So it’s officially my birthday now. At 4:53 AM (or maybe 4:58…I always forget the exact minute – a little help, Mom?) I sped past “GO”, collected my $200, and started the journey towards completing another year. If anyone is wondering how I’m feeling about being a “whole year older”, well, pardon my directness, but shut it. I’m no more a whole year older than Tiger Woods is “on the wagon”.
The fact of the matter is that I’m exactly 24 hours older than I was at this time yesterday. Yes, I crossed a milestone point in the very wee hours of the morning today, but it’s not like a set of internal knobs and switches spontaneously all clicked forward to 37. I didn’t wake up this morning with a hankering for a sporty little red car, a spectacular patch of new baldness on the crown of my noggin, or any of the other foolishness that comes with a dude hitting his middle age stride.
That’s not to say that I can’t tell that I’m getting older, but it comes in little reminders here and there. There were years not too long ago when the odds were good I might actually be awake at the specific time in the very wee hours of the morning that marks the anniversary of my birth. I used to play video games routinely until 2 or 3 am (or later if the game was good and I couldn’t pull myself away) while enjoying an adult beverage or two. I would get up a mere handful of hours later at 7:30, non the worse for wear, and head to work, bright-eyed and clear-headed. In contrast, last night, after finishing yesterday’s post, I sat down with a crisp IPA (which poured nicely, but could have used a little more malt, if you ask me) at shortly after midnight. I considered putting 2012 in the DVD player, because I’ve been wanting to watch it for about a week now. But I couldn’t do it, I’m too old now.
I used to give absolutely zero consideration to the hour in which I would start a movie, and even less thought for that film’s running time. At 12:17 AM last night, though, I was standing in my family, disappointed to find that the movie ran 2 hours and 18 minutes, which put it well beyond even the extended there-will-be-a-price-for-this-tomorrow limit of how late I can effectively expect to stay up watching a movie. So I opted instead to watch something I’d DVR’d (yes, it is a verb nowadays) earlier in the week.

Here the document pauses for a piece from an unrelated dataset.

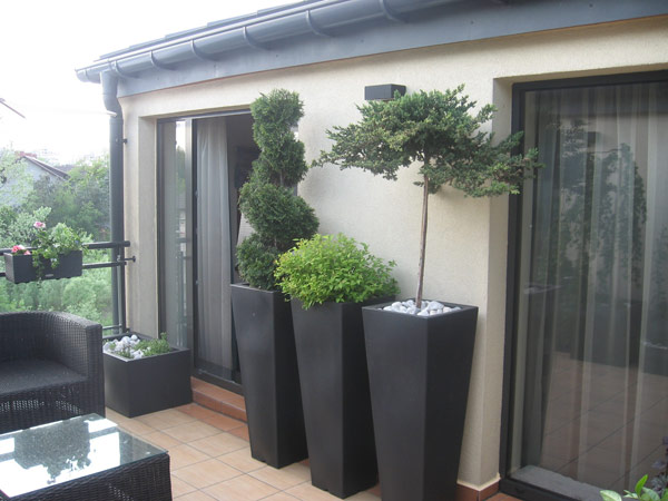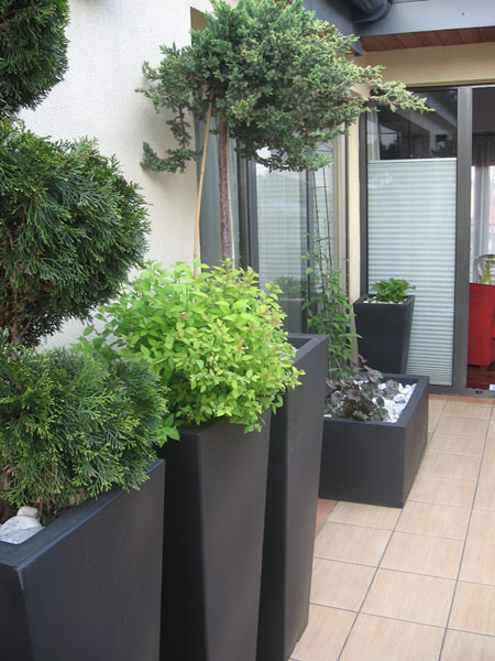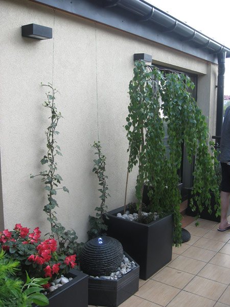 RELAKSACYJNY OGRÓD W NOWOCZESNYCH DONICACH Z ELEMENTEM WODNYM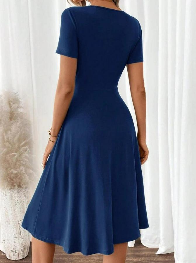 Kadın Kısa Kollu V Yakalı önden Düğmeli A Kesim Dokuma Elbise

At 3:08 AM, I awoke from a sound sleep in my recliner, with two-thirds of the beer remaining in the glass, and the DVR insisting that I respond to whether or not I’d like to delete the episode it apparently finished without me. This, so far, to me, is one of the biggest differences between being 27 and 37. A decade ago, I could easy will myself to stay awake, no matter the circumstance. These days I find I am no longer, strictly speaking, completely in charge of my physical being. Sometimes, it seems, I need sleep and I’m going to have it, in spite of myself if necessary.
But then, I suppose that’s typically the way of it. In one’s youth, your physical form is a tool of your own command. But with age that control wears away, and you become commanded more and more by your physical conditions. Two years ago, I slipped a disc in my cervical spine. Two weeks ago, I tweaked a muscle in my side playing hockey. Every four out of five mornings, it seems, I have to stretch the stiffness out of my back before I get in the shower. Knicks and dings rarely go unnoticed.
If that’s the price, though, for finally knowing now what I really should have known then, well, I’m alright with it. The fact is that one’s age is not a number so much as a state of mind. Yes, I’m 37 now, but everyday I feel very much the same as the sarcastic guy that loved life 10 years ago. I’m guessing that as long I never let that slip away, that I keep my skates going and don’t stop moving, I’ll be doing just fine, whether I’m 47, 77, or 36 and 366 days old.